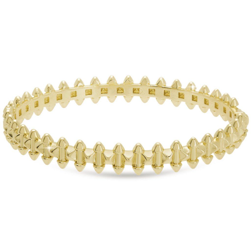 O brățară solidă și impunătoare, placată cu aur de 14K, va atrage atenția prin designul său original cu țepi și aspectul modern.
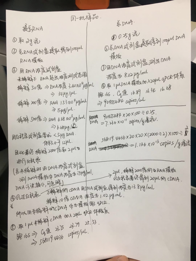 问题太长,标题打不下 完整提问:通过总RNA反转录cDNA和总DNA跑qPCR的16S能否通过最终拷贝数的差异确定RNA在活菌的体现上优于DNA 问题有些长,新人币不多,全部贡献出来,求交流!!! 首先有个背景,因为RNA 的半衰期较短,通常只有几分钟到十几分钟,如果细胞膜或细胞壁破裂,RNA很快就会降解,所以希望能够通过RNA和DNA提取的差异,剔除样品中死菌 基于这样的设想,想要做方法的验证,之前有相关文献进行了这样的操作,的确是有一定的可行性,但是对于提出来的模版,他进行了高通量测序,但因为RNA比较难提,高通量成本也高,所以在每一个在做高通量之前都能有个其他的表征来验证我的操作是否成功 所以我做了以下实验,具体实验数据和方法我写在了下一张图上,如果只是根据我的稀释倍数等换算,RNA的浓度要大于DNA近25倍,后来查了资料也可能在反转录的时候要考虑到反转录后会有倍数增加,但也不会使RNA小于DNA…… 所以是否有前人告诉我计算上哪里的明显失误,或是这个方法可不可行呢 大家的一点意见都万分感谢 发自小木虫IOS客户端 |
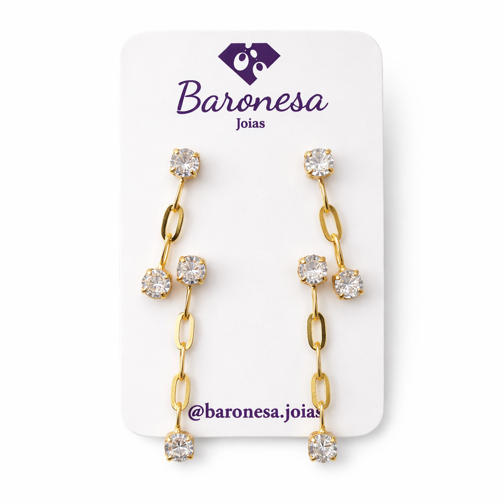DUPLA DE BRINCOS DOURADOS PONTO DE LUZ COM CORRENTINHA PENDURADA E PONTO DE LUZ NA PONTA DO MAIOR PARA O MENOR
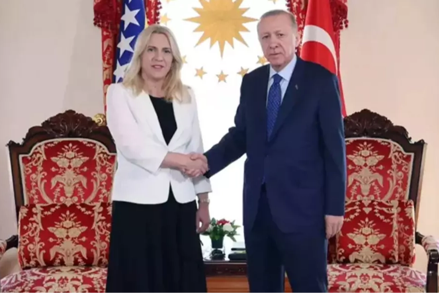 Cumhurbaşkanı Recep Tayyip Erdoğan, Bosna Hersek Devlet Başkanlığı Konseyi Başkanı Jelka Sviyanoviç ile Dolmabahçe’deki Cumhurbaşkanlığı ofisinde bir araya geldi. Toplantı basına kapalı olarak gerçekleştirildi.
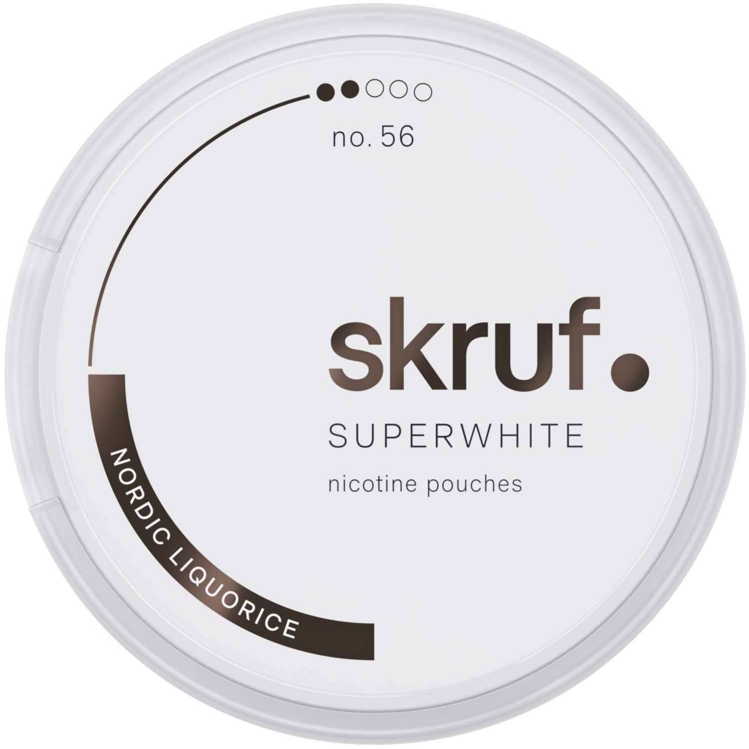 Skruf Superwhite Nordic No.56 delivers a smooth Scandinavian licorice profile in clean, tobacco-free slim pouches. With 8 mg/g and 4 mg per portion, it offers a mild and balanced experience suited for daily use. The all-white plant fibers ensure a clean release without staining and provide a long-lasting mix of subtle anise and salmiak notes. With up to 30 portions per 17.3g can, it’s an ideal choice for fans of classic Nordic licorice in a discreet, easy-to-enjoy format.

+ + + + +

▶ _Exercise brief_:
The data shown above must be printed again exactly, with no images included.

▶ _Result_:
 O brățară solidă și impunătoare, placată cu aur de 14K, va atrage atenția prin designul său original cu țepi și aspectul modern.
 问题太长,标题打不下 完整提问:通过总RNA反转录cDNA和总DNA跑qPCR的16S能否通过最终拷贝数的差异确定RNA在活菌的体现上优于DNA 问题有些长,新人币不多,全部贡献出来,求交流!!! 首先有个背景,因为RNA 的半衰期较短,通常只有几分钟到十几分钟,如果细胞膜或细胞壁破裂,RNA很快就会降解,所以希望能够通过RNA和DNA提取的差异,剔除样品中死菌 基于这样的设想,想要做方法的验证,之前有相关文献进行了这样的操作,的确是有一定的可行性,但是对于提出来的模版,他进行了高通量测序,但因为RNA比较难提,高通量成本也高,所以在每一个在做高通量之前都能有个其他的表征来验证我的操作是否成功 所以我做了以下实验,具体实验数据和方法我写在了下一张图上,如果只是根据我的稀释倍数等换算,RNA的浓度要大于DNA近25倍,后来查了资料也可能在反转录的时候要考虑到反转录后会有倍数增加,但也不会使RNA小于DNA…… 所以是否有前人告诉我计算上哪里的明显失误,或是这个方法可不可行呢 大家的一点意见都万分感谢 发自小木虫IOS客户端 |
DUPLA DE BRINCOS DOURADOS PONTO DE LUZ COM CORRENTINHA PENDURADA E PONTO DE LUZ NA PONTA DO MAIOR PARA O MENOR
 Cumhurbaşkanı Recep Tayyip Erdoğan, Bosna Hersek Devlet Başkanlığı Konseyi Başkanı Jelka Sviyanoviç ile Dolmabahçe’deki Cumhurbaşkanlığı ofisinde bir araya geldi. Toplantı basına kapalı olarak gerçekleştirildi.
 Skruf Superwhite Nordic No.56 delivers a smooth Scandinavian licorice profile in clean, tobacco-free slim pouches. With 8 mg/g and 4 mg per portion, it offers a mild and balanced experience suited for daily use. The all-white plant fibers ensure a clean release without staining and provide a long-lasting mix of subtle anise and salmiak notes. With up to 30 portions per 17.3g can, it’s an ideal choice for fans of classic Nordic licorice in a discreet, easy-to-enjoy format.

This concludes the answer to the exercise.